> _What to do_
Below, locate the line that contains "BasicSense 100% Cotton". Repeat exactly from that line to the line that contains "A comprehensive 4th-grade", inclusive, leaving out the pictures.

***

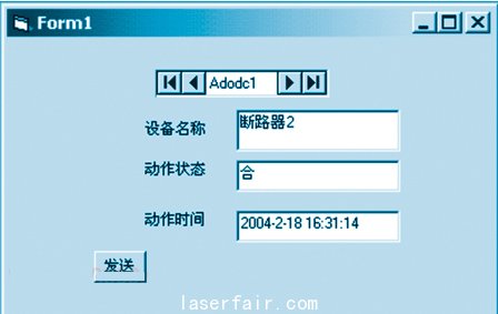 其中“設(shè)備名稱”“動作狀態(tài)”“動作時間”是所綁定的數(shù)據(jù)庫的字段名,等號后面的值是滿足條件語句時向所綁定的數(shù)據(jù)庫的相應(yīng)的字段所加的字段值,在本工程中在數(shù)組rcv中暫放了從接收緩沖區(qū)中接收到的所有數(shù)據(jù),而rcv(5)所放置的是是否合斷路器1這個動作信息,約定plc送上來的數(shù)據(jù)中 rcv(5)=1表示合斷路器1,因此有上述語句,其他的動作狀態(tài)記錄、故障狀態(tài)記錄及日常量記錄與上述程序幾乎相同,但是由于日常量不需要每時每刻都要記錄到數(shù)據(jù)庫,因此在日常量向數(shù)據(jù)庫寫入時用了靜態(tài)變量count來計時,假如count的值每增加1時間就增加1s,要求每半個小時記錄一次,那么就可以用count mod 1800 =0來實現(xiàn)這一時間的控制。
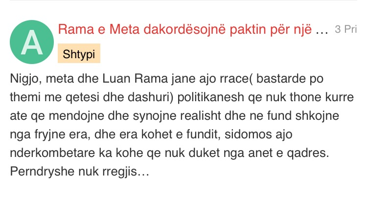 E turpshme nese eshte e vertete sepse 1.duhet te ishte ne burg 2.ka vertetuar qe nuk eshte manaxhues,zgjidhes i mire i situatave…ky do beje gjjthmone cfare thote shefi edhe nese eshte kundra ligjit…si ne rastin e 21 janarit.
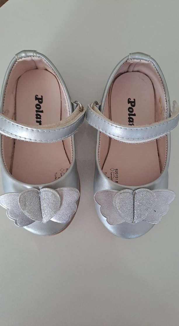 Kız çocukları için tokalı, kalp ve kanat detaylı gri babet ayakkabılar. Kauçuk malzemeden üretilmiş, rahat ve sade bir tarza sahip. İç kısmında "Polar" yazısı bulunur.
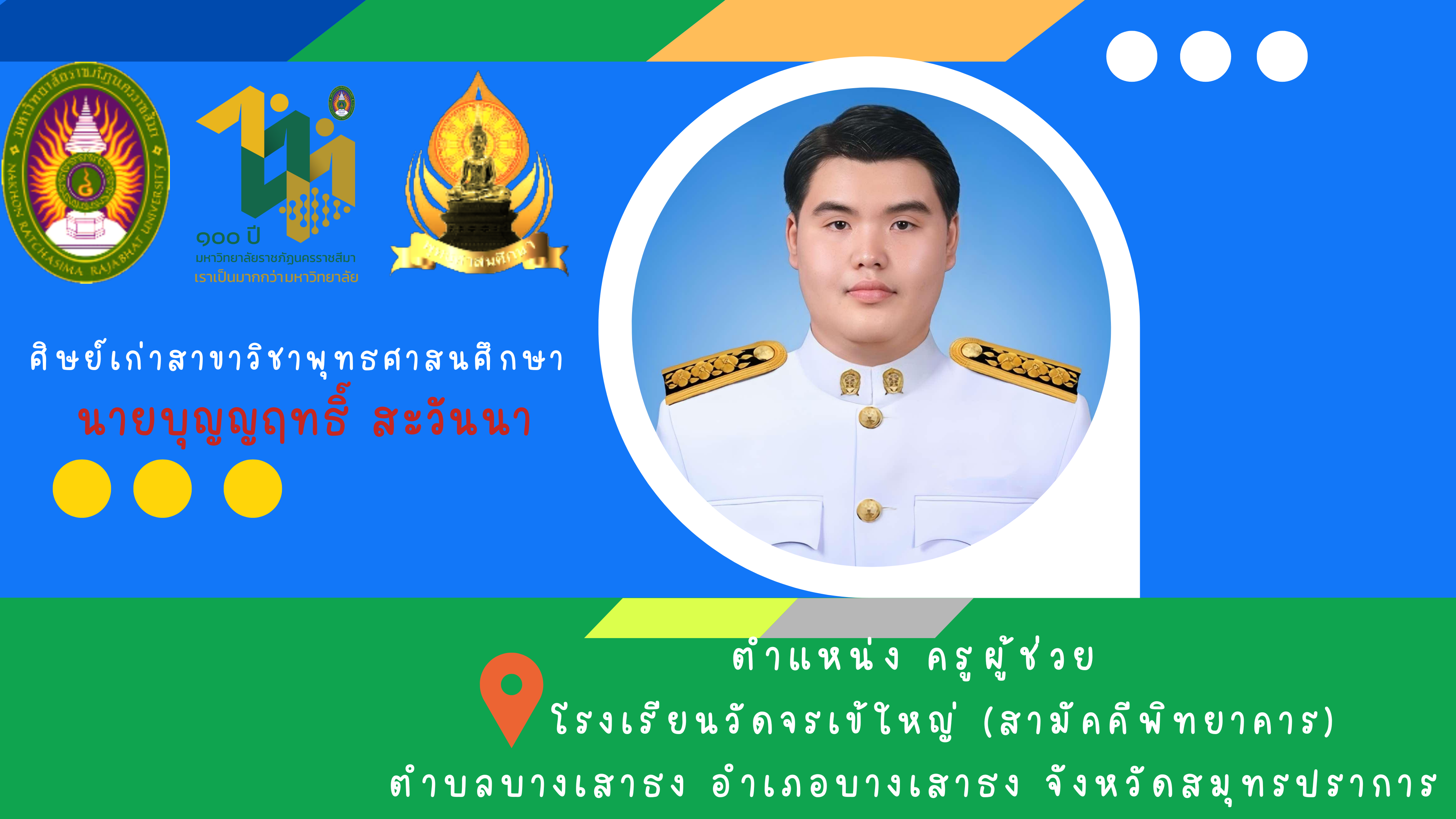 สาขาวิชาพระพุทธศาสนา มหาวิทยาลัยราชภัฏนครราชสีมา ขอแสดงความยินดีกับนายบุญญฤทธิ์ สะวันนา (ครูปลื้ม) ศิษย์เก่าสาขาวิชาพุทธศาสนศึกษา (หลักสูตรเดิม) ที่ได้รับการบรรจุและแต่งตั้งจากการสอบแข่งขันได้ เพื่อบรรจุและแต่งตั้งบุคคลเข้ารับราชการ เป็นข้าราชการครูและบุคลากรทางการศึกษา ตำแหน่ง ครูผู้ช่วย สังกัดสำนักงานเขตพื้นที่การศึกษาประถมศึกษาสมุทรปราการ เขต 2 เลือกบรรจุเป็นข้าราชการครู ณ โรงเรียนวัดจรเข้ใหญ่ (สามัคคีพิทยาคาร) ตำบลบางเสาธง อำเภอบางเสาธง จังหวัดสมุทรปราการ รายงานตัวปฏิบัติหน้าที่ในวันที่ 26 ธันวาาคม 2567
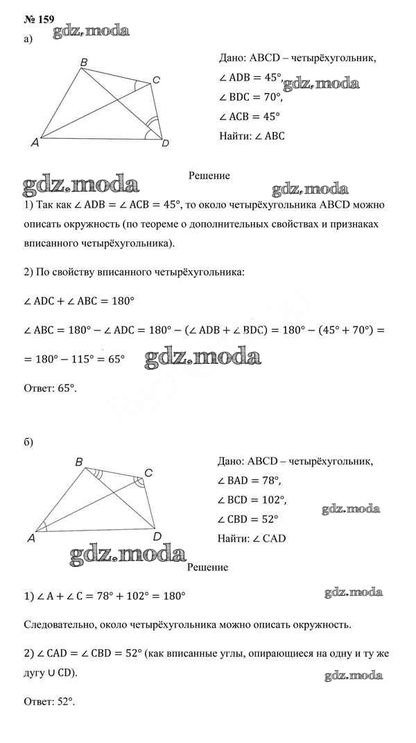 ГДЗ решение к заданию № 159 Геометрия 9 класс Казаков В.В. Народная асвета 2019 бесплатно на гдз.мода!
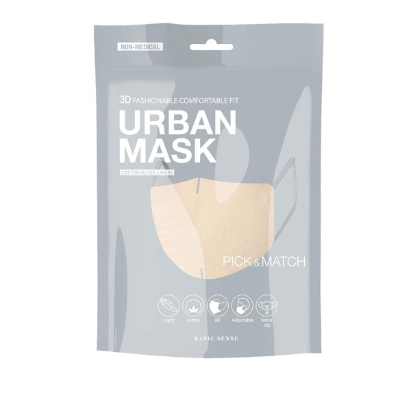 BasicSense 100% Cotton Washable Reusable Skin Friendly Plain Face Coverings Masks (Beige)
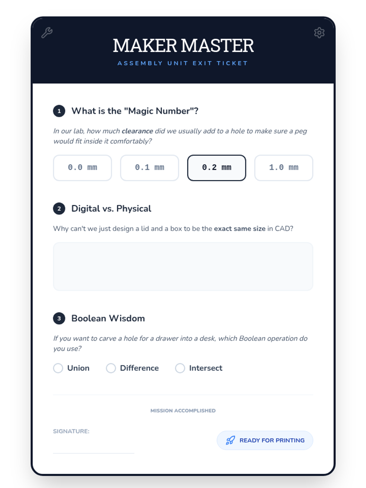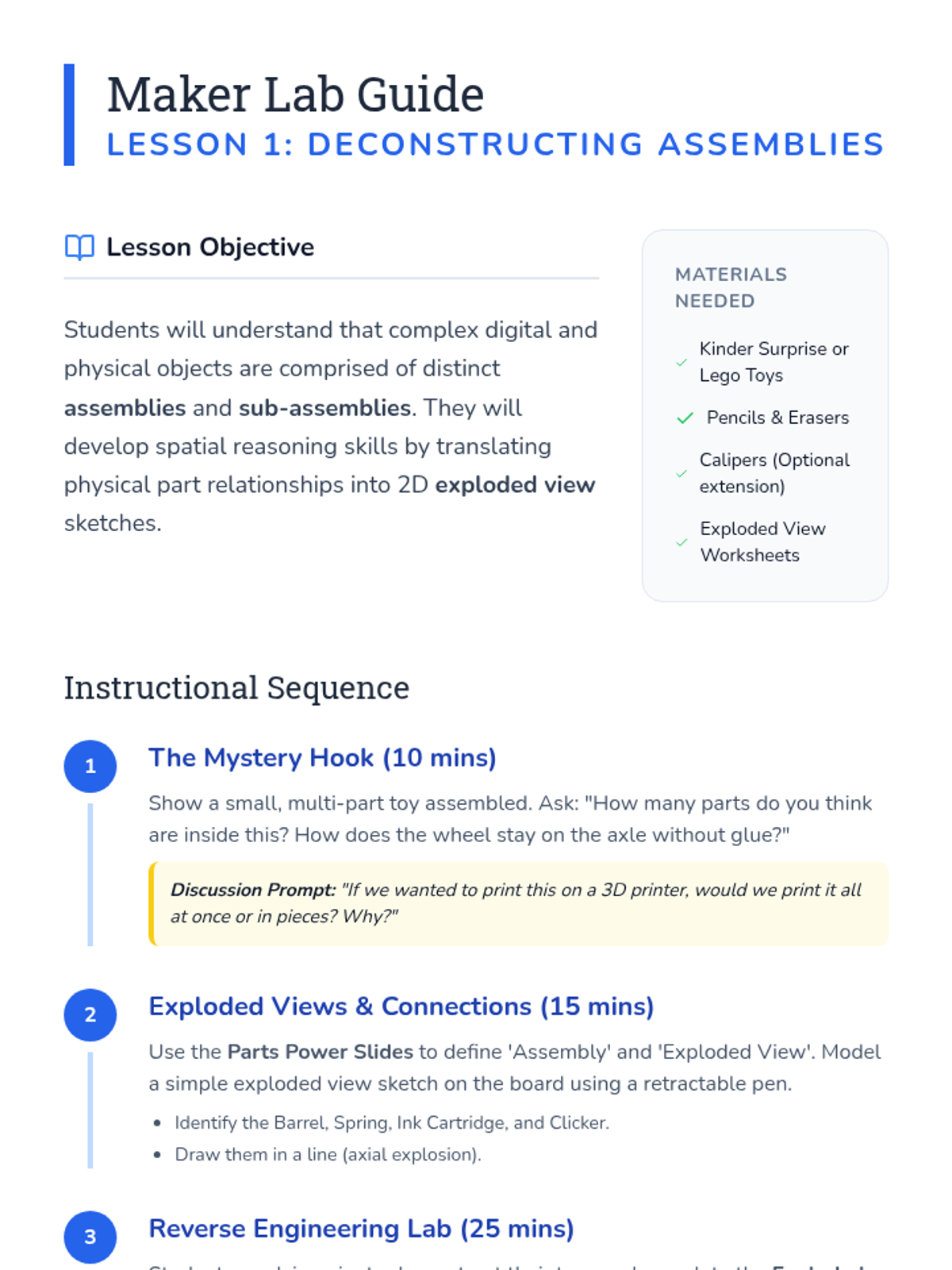 A comprehensive 4th-grade engineering sequence where students learn the fundamentals of multi-part CAD design, focusing on tolerance, clearance, and how digital models translate to physical objects. Learners move from deconstructing toys to designing functional interlocking boxes.
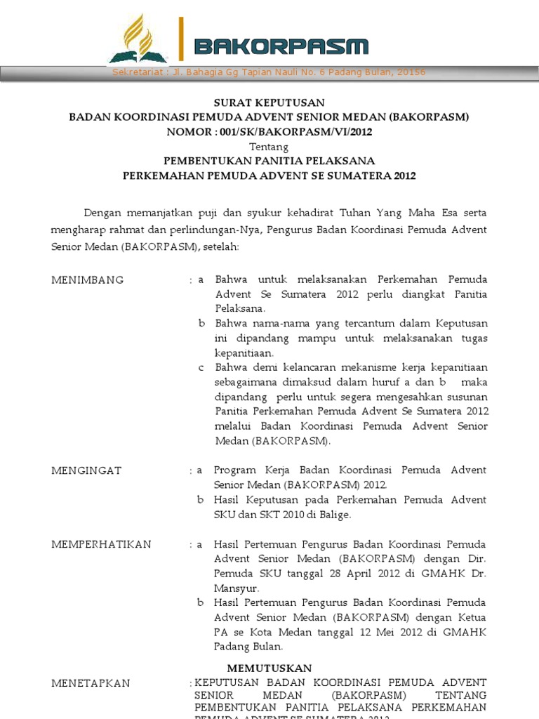 Petunjuk pelaksana dan petunjuk teknis kegiatan pengembangan manajemen mutu. Sk.panitia prakerin 2016/2017 yayasan giri pendawa. Ijin operasional bupati karangasem no.: Keputusan ini mulai berlaku sejak tanggal. Untuk itu tentunya satuan pendidikan sudah mulai mempersiapkan segala kebutuhan yang diperlukan. Luwu utara keputusan kepala sma negeri 3 baebunta nomor : Sebabnya jika terlalu baku maka khawatir pekerjaan dan komunikasinya akan terlihat kaku. Contoh sk panitia akreditasi contoh sk panitia akreditasi adalah salah satu instrumen yang harus ada dalam persyaratan akreditasi sekolah sd/mi yang terdapat dalam bukti fisik standar pengelolaan. 49 palangka raya kalimantan tengah 73112, indonesia. 008/smajaya/ ii/2016 tentang susunan panitia pelaksana ujian sekolah dan ujian nasional sma kertajaya surabaya tahun pelajaran 2015/2016 kepala sma kertajaya menimbang : 2013/2014 tugas, wewenang, dan tanggung jawab panitia. Untuk memenuhi maksud tersebut perlu ditetapkan dengan surat keputusan. Membentuk dan mensyahkan susunan dan personalia panitia hari ulang tahun kemerdekaan republik indonesia ke 70 tanggal 17 agustus 2015.

***

> _Output for this exercise_
 BasicSense 100% Cotton Washable Reusable Skin Friendly Plain Face Coverings Masks (Beige)
 A comprehensive 4th-grade engineering sequence where students learn the fundamentals of multi-part CAD design, focusing on tolerance, clearance, and how digital models translate to physical objects. Learners move from deconstructing toys to designing functional interlocking boxes.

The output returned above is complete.